Activity:
Go through the data and copy every line exactly, but not the images.

Dataset extract:
══════
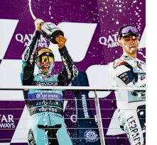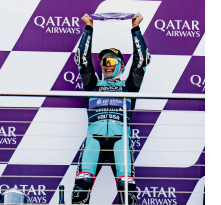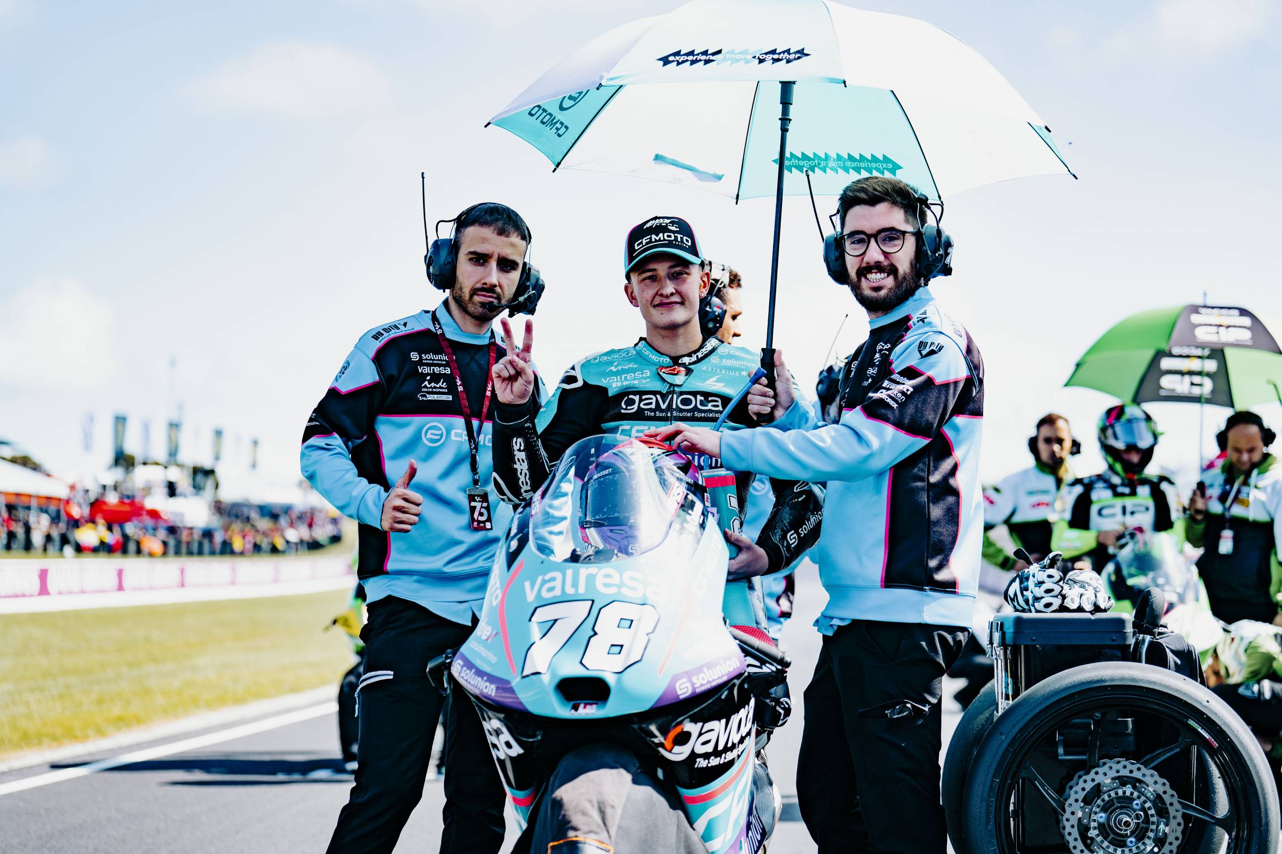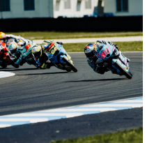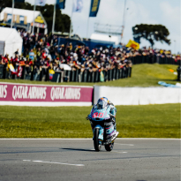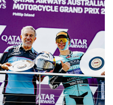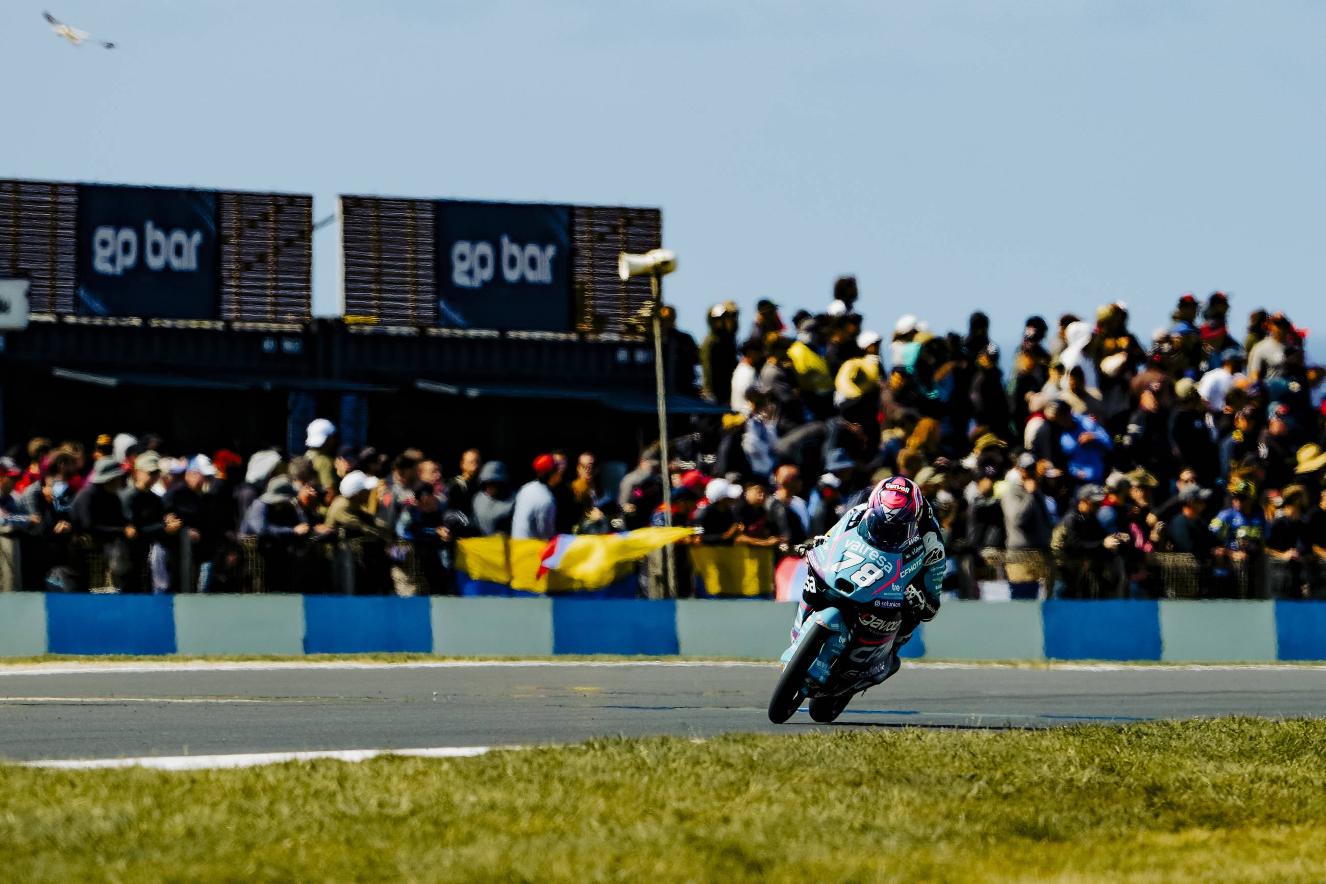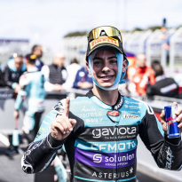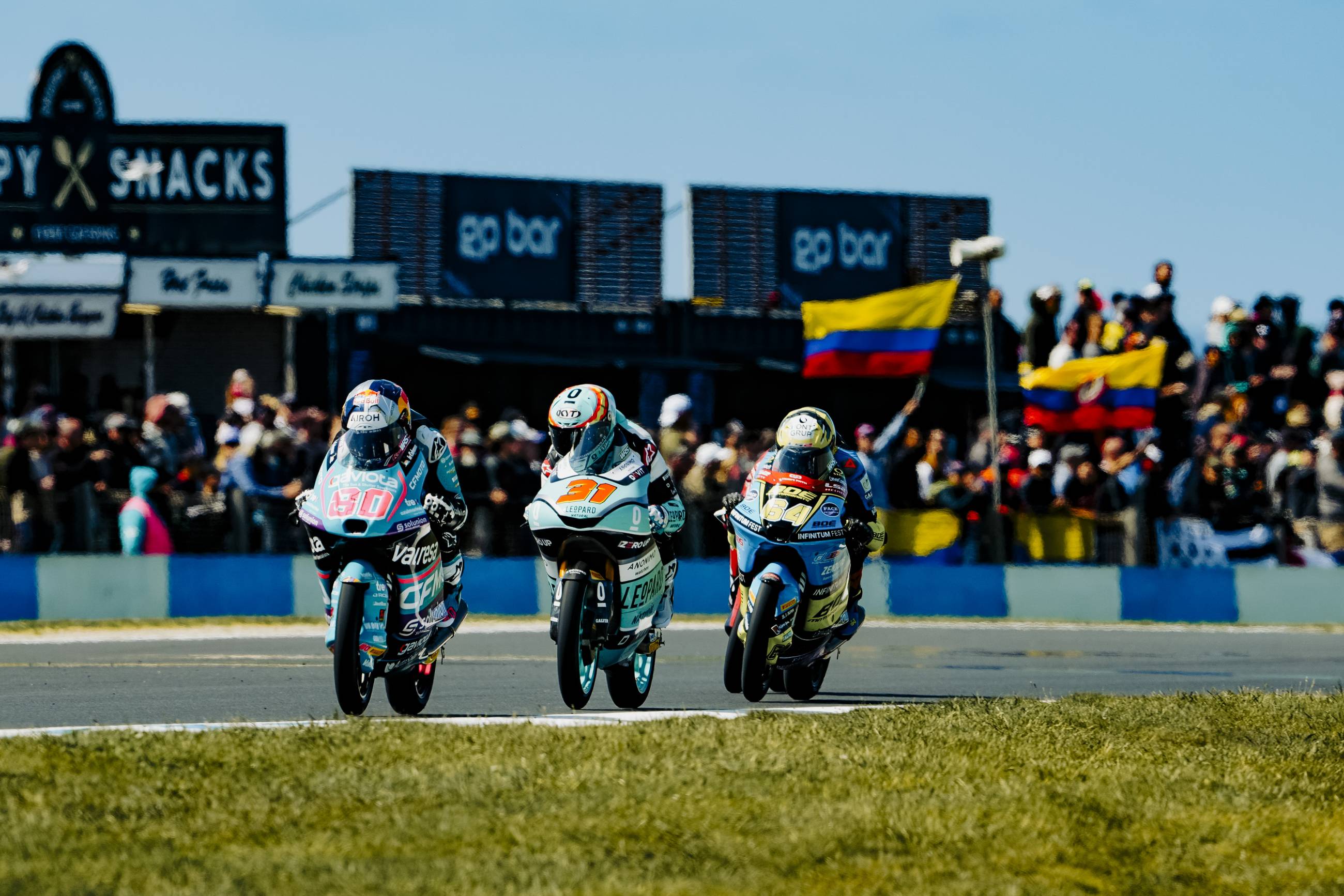 El piloto del CFMOTO Gaviota Aspar Team David Alonso sigue intratable en Moto3 y con su victoria en el Gran Premio de Australia ha igualado el récord de triunfos en la categoría pequeña de Valentino Rossi. El campeón del mundo ha protagonizado un gran remontada en Phillip Island y ha logrado su cuarta victoria consecutiva. Alonso partía desde la décima posición, pero eso no ha sido un problema para él. El piloto del CFMOTO Gaviota Aspar Team ha arrancado muy fuerte y en tan solo dos giros ya ocupaba la cuarta plaza. A partir de ese momento, el campeón del mundo ha permanecido siempre en las posiciones delanteras dentro de un primer grupo que ha estado formado por hasta trece pilotos. Durante toda la carrera, este grupo ha lidiado una intensa batalla, con un intercambio constante de posiciones. Sin embargo, Alonso se guardaba un as bajo la manga. A falta de cinco vueltas para el final, el colombiano ha adelantado a Adrián Fernández para ponerse primero, una posición que ya no ha abandonado hasta la bandera a cuadros. El piloto del CFMOTO Gaviota Aspar Team ha ido poco a poco abriendo hueco al frente y ha cruzado la línea de meta con casi tres segundos de ventaja sobre Dani Holgado y Adrián Fernández, que han completado el podio. El campeón del mundo ha celebrado su undécima victoria del año con una venda en la cabeza, emulando la celebración que hizo Rossi cuando estableció el récord de más victorias en la categoría pequeña en una temporada en el Gran Premio de Indonesia de 1997, una carrera en la que compartió podio con Jorge Martínez 'Aspar'.
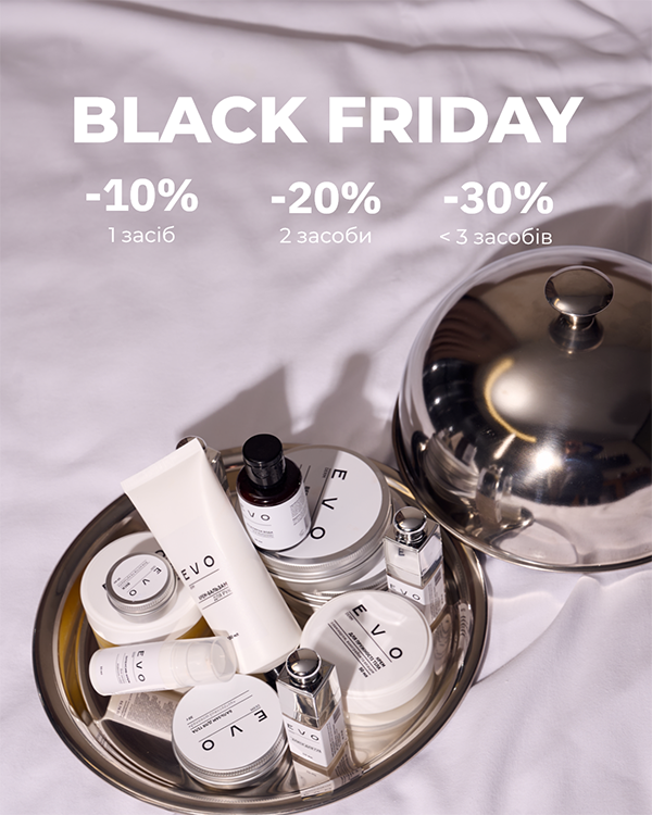 Чорна П’ятниця у EVO derm – час для ідеального beauty-шопінгу! Лише з 28 по 30 листопада усі засоби для волосся, обличчя та тіла від EVO derm можна придбати зі спеціальними знижками, які бувають лише раз на рік.
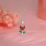 The Inspiration: A gift of love that will never wilt. This will always remind her of your affection. The Design: This silver pendant with a link chain features a rose motif coated with red and green enamel. 925 Silver Perfect for sensitive skin Motif Height: 1.8 cm, Motif Width: 0.8 cm Length of Chain: 43 cm + 4 cm Adjustable Comes with the Nikrish Jewellery kit and authenticity certificate Content: Pendant with Link Chain Net Qty- 1 unit Styling Tip: Pair this with a baby pink gown.
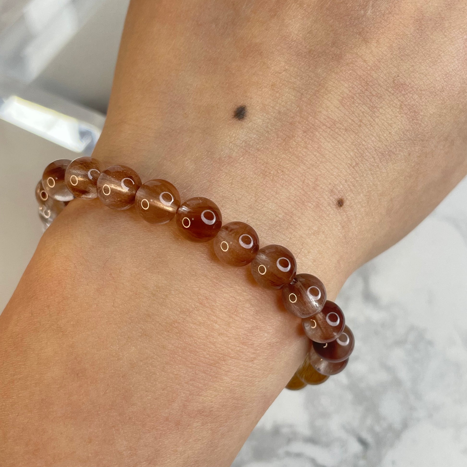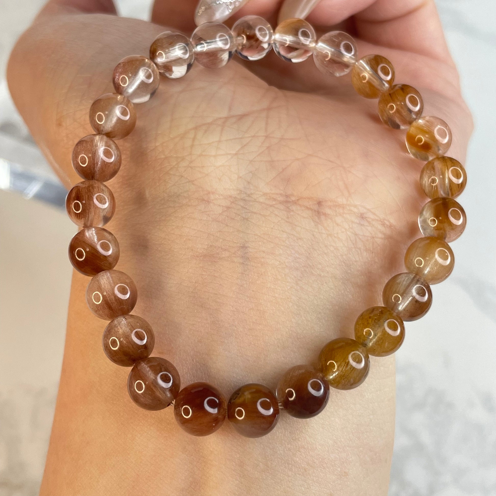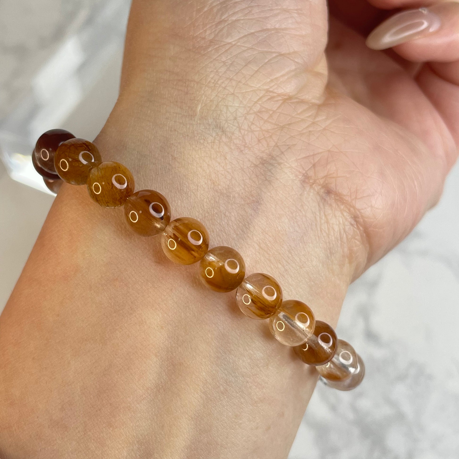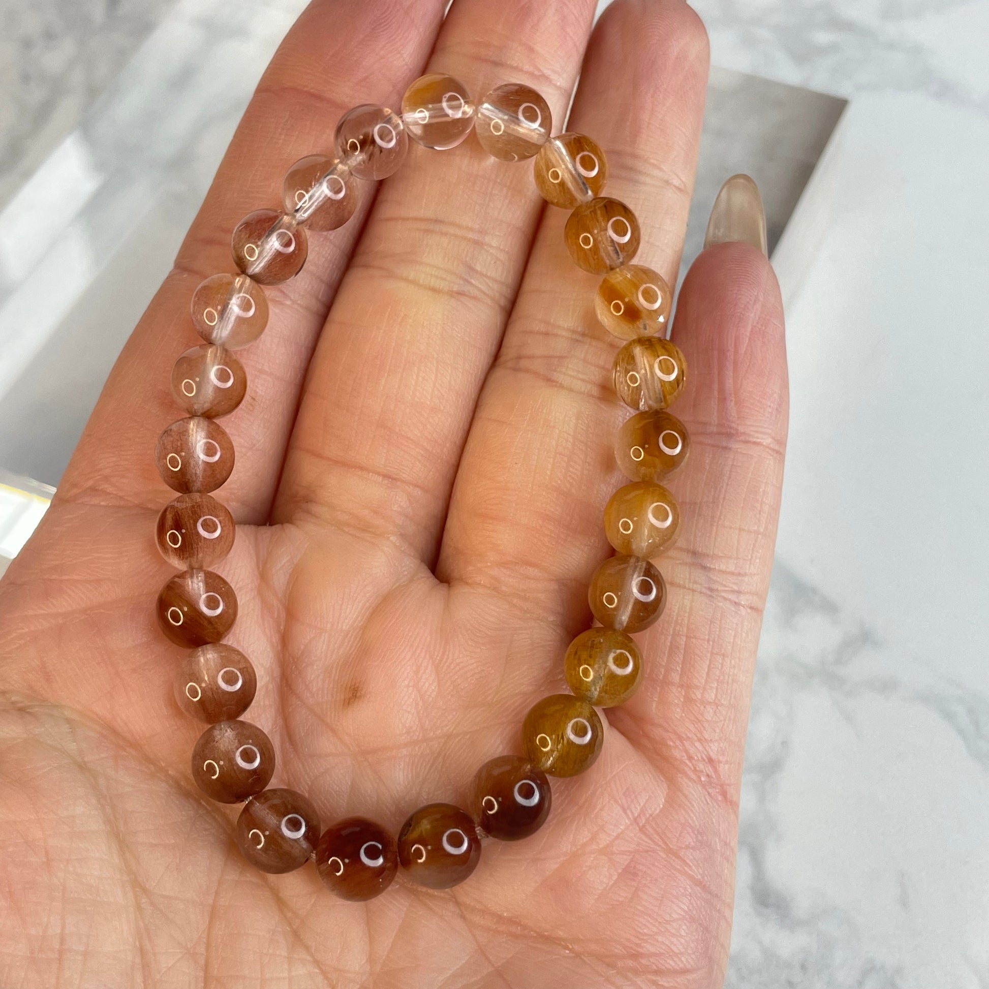 This 7mm Rainbow Rutile Quartz bracelet features a striking dual-tone gradient—from golden honey to warm reddish-brown. Each transparent bead reveals fine rutile inclusions, resembling delicate rabbit hair. The bracelet embodies both grounding strength and soft elegance.
══════
Finished exercise:
 El piloto del CFMOTO Gaviota Aspar Team David Alonso sigue intratable en Moto3 y con su victoria en el Gran Premio de Australia ha igualado el récord de triunfos en la categoría pequeña de Valentino Rossi. El campeón del mundo ha protagonizado un gran remontada en Phillip Island y ha logrado su cuarta victoria consecutiva. Alonso partía desde la décima posición, pero eso no ha sido un problema para él. El piloto del CFMOTO Gaviota Aspar Team ha arrancado muy fuerte y en tan solo dos giros ya ocupaba la cuarta plaza. A partir de ese momento, el campeón del mundo ha permanecido siempre en las posiciones delanteras dentro de un primer grupo que ha estado formado por hasta trece pilotos. Durante toda la carrera, este grupo ha lidiado una intensa batalla, con un intercambio constante de posiciones. Sin embargo, Alonso se guardaba un as bajo la manga. A falta de cinco vueltas para el final, el colombiano ha adelantado a Adrián Fernández para ponerse primero, una posición que ya no ha abandonado hasta la bandera a cuadros. El piloto del CFMOTO Gaviota Aspar Team ha ido poco a poco abriendo hueco al frente y ha cruzado la línea de meta con casi tres segundos de ventaja sobre Dani Holgado y Adrián Fernández, que han completado el podio. El campeón del mundo ha celebrado su undécima victoria del año con una venda en la cabeza, emulando la celebración que hizo Rossi cuando estableció el récord de más victorias en la categoría pequeña en una temporada en el Gran Premio de Indonesia de 1997, una carrera en la que compartió podio con Jorge Martínez 'Aspar'.
 Чорна П’ятниця у EVO derm – час для ідеального beauty-шопінгу! Лише з 28 по 30 листопада усі засоби для волосся, обличчя та тіла від EVO derm можна придбати зі спеціальними знижками, які бувають лише раз на рік.
 The Inspiration: A gift of love that will never wilt. This will always remind her of your affection. The Design: This silver pendant with a link chain features a rose motif coated with red and green enamel. 925 Silver Perfect for sensitive skin Motif Height: 1.8 cm, Motif Width: 0.8 cm Length of Chain: 43 cm + 4 cm Adjustable Comes with the Nikrish Jewellery kit and authenticity certificate Content: Pendant with Link Chain Net Qty- 1 unit Styling Tip: Pair this with a baby pink gown.
 This 7mm Rainbow Rutile Quartz bracelet features a striking dual-tone gradient—from golden honey to warm reddish-brown. Each transparent bead reveals fine rutile inclusions, resembling delicate rabbit hair. The bracelet embodies both grounding strength and soft elegance.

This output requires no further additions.